Step 9: electric power facility scene modeling
On the basis of motion detection, target following, identification and goal behavior analysis is completed, electric power facility can be carried outScene modeling.Model of place includes three static layer, dynamic layer and statistics layer parts.Wherein static layer is used to represent that electric power is setApply the fixed object in scene, such as steel tower in the instrument cabinet and outdoor scene in indoor scene, building etc..FixtureBody can use human configuration parameter or automatic identification location algorithm really be sized, shape and position.Dynamic layer is then used for tableShow the moving target in scene, such as the Large Construction vehicle in the personnel and toy, and outdoor scene in indoor sceneWith other types vehicle.The parameter of moving target can be determined by target following and Target Recognition Algorithms.Statistics layer is thenBy analyzing the target frequency of occurrence in each region in scene, goal activities hot spot region figure is calculated.

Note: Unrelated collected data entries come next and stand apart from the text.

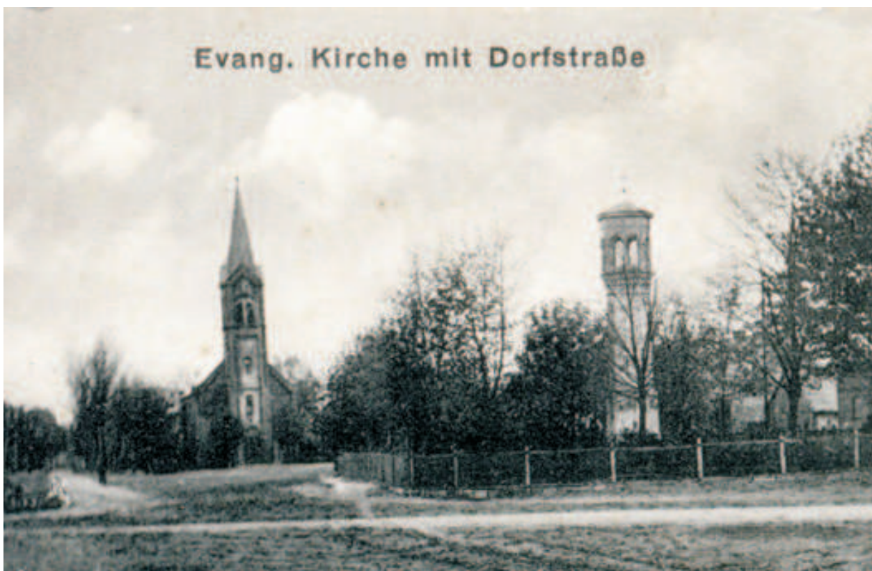
Fot. 11. Karta pocztowa Skrzatusza sprzed 1918 r.
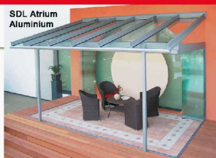
Glashaus mit SL25
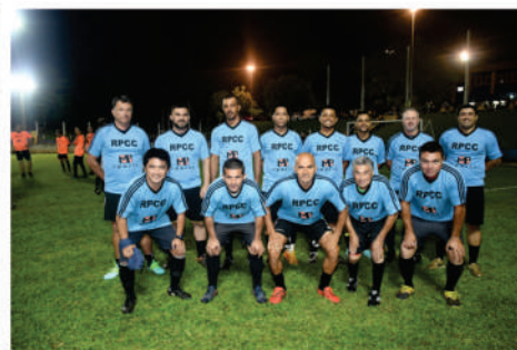
EQUIPE - AZUL CLARO
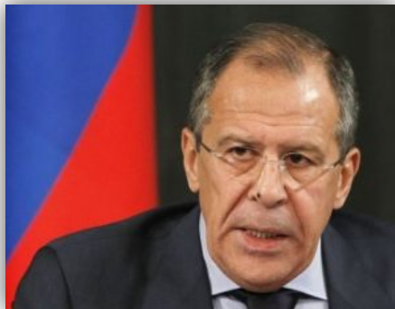
постоянный представитель России при ООН - Сергей Лавров

Организация Объединённых Наций была создана 24 октября 1945 года. Союз Советских Социалистических Республик был одной из стран-основателей организации и ее членом с момента учреждения ООН.

Compared with prior art, beneficial effect caused by electric power facility external force damage prevention intelligent analysis system provided by the inventionIt is:By adjusting systematic parameter, the electric power facility external force damage prevention demand of several scenes can adapt to.Scene indoors, realize personnelIntrusion detection and Activity recognition analysis.In outdoor scene, Large Construction vehicle motion state such as crane, excavator is realizedWith behavior type(Swarm into, hover, stopping, raising arm etc.)Real time identification analysis.It is broken outside electric power facility when occurring in detection zoneDuring event, it can accurately identify and respond rapidly to alarm, alarming short message, picture and alarm video are pushed by wireless network,Avoid causing serious electric power facility to damage accident.